After writing this, I clamped my Yojimbo in the Lansky and did the same test. With the Yojimbo the angle of the Lansky Matched almost perfectly with the angle on the Sharpmaker. Of note is that the blade of the Yojimbo is about a quarter-inch wider than that of the Crossbill.
 
I know this is an old thread but I though I had something useful to to add to this. I always realized depending on the size of a blade, you would not get the exact angle the clamp reads. So I finally got an angle cube and checked the angles on my Lansky, with the cutting edge of my knife roughly one 1/2 inch from the clamp jaws I got the following. I am labeling these Lansky° for what is on the clamp, and actual° for what I got. I did not measure the 17° slot on the clamp.

Lansky°30/ Actual°26
Lansky°25/Actual°21
Lansky°20/Actual°16
 
I know this is an old thread but I though I had something useful to to add to this. I always realized depending on the size of a blade, you would not get the exact angle the clamp reads.

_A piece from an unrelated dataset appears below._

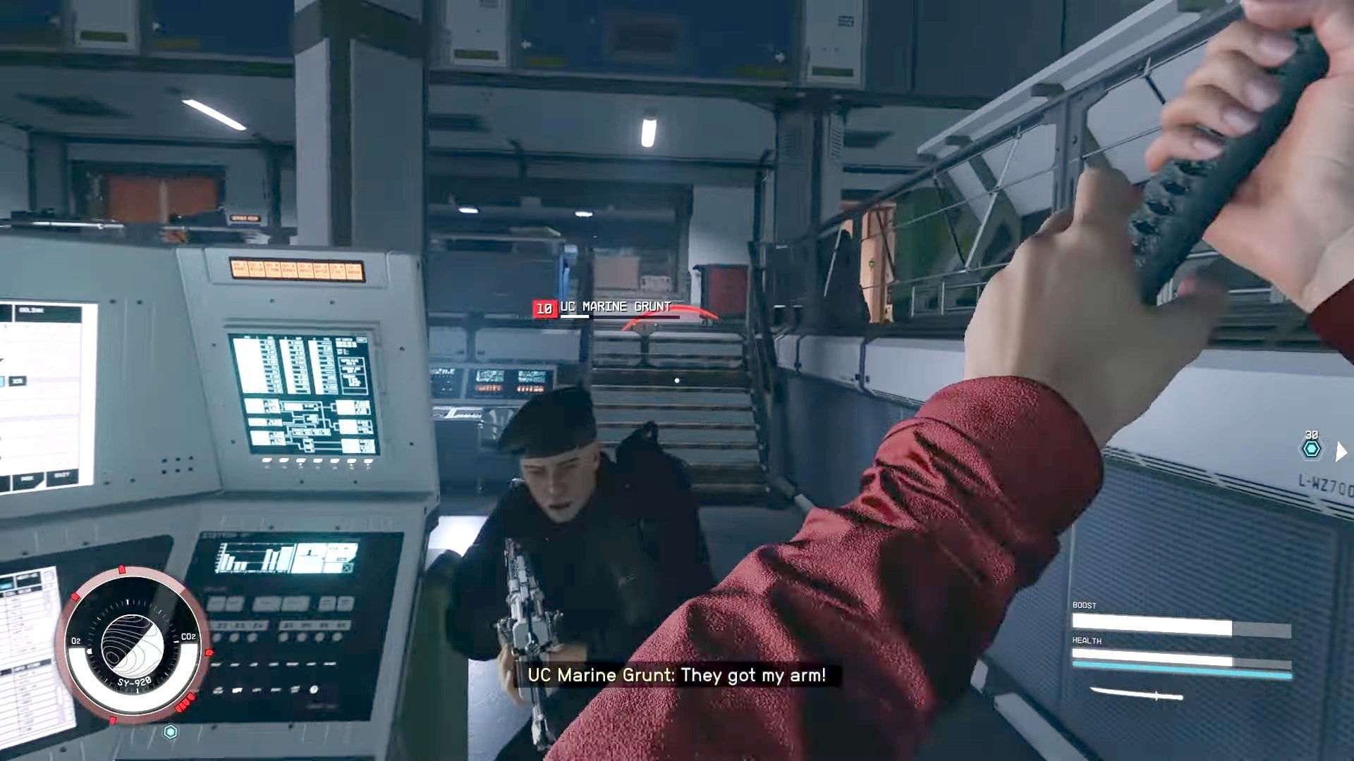 As in many other vertical scrolling shooters (including Namco’s own Xevious), the player controls a ship, facing the top of the screen, that can move freely while the background scrolls down, bringing enemies in to view; the player may destroy enemies for points. The game uses two buttons – one is used to make the ship fire circular lasers, while the other is used to cycle through its four firing patterns. The red pattern is two lasers in a spiral pattern, while the blue one is one laser straight ahead and one behind, the yellow one is one laser straight ahead, one left, and one right and the green one is two lasers diagonally forward (one to the left and one to the right), and one straight behind; by holding down the button, the ship fires more powerful, spherical lasers.

So I finally got an angle cube and checked the angles on my Lansky, with the cutting edge of my knife roughly one 1/2 inch from the clamp jaws I got the following. I am labeling these Lansky° for what is on the clamp, and actual° for what I got. I did not measure the 17° slot on the clamp.

Lansky°30/ Actual°26
Lansky°25/Actual°21
Lansky°20/Actual°16
 
The 'set' angles on Lansky's clamps are valid only as measured directly at the front edge of the clamp (I measured/calculated for mine). So, any blade edge that is positioned further away from the clamp's front edge will definitely sharpen up at a more acute angle than stated on the clamp. Very wide blades will be much more acute, by several degrees. I frequently use & sharpen more 'traditional-sized' folder blades with mine, and recently figured out that positioning the blade edge ~3/8" or so beyond the clamp's front edge will produce an edge angle at around ~ 14-15°/side, when using the '17' setting on the clamp for the guide rod. Specifically, this approximates the results I got when sharpening the main spear blade on a Victorinox SAK.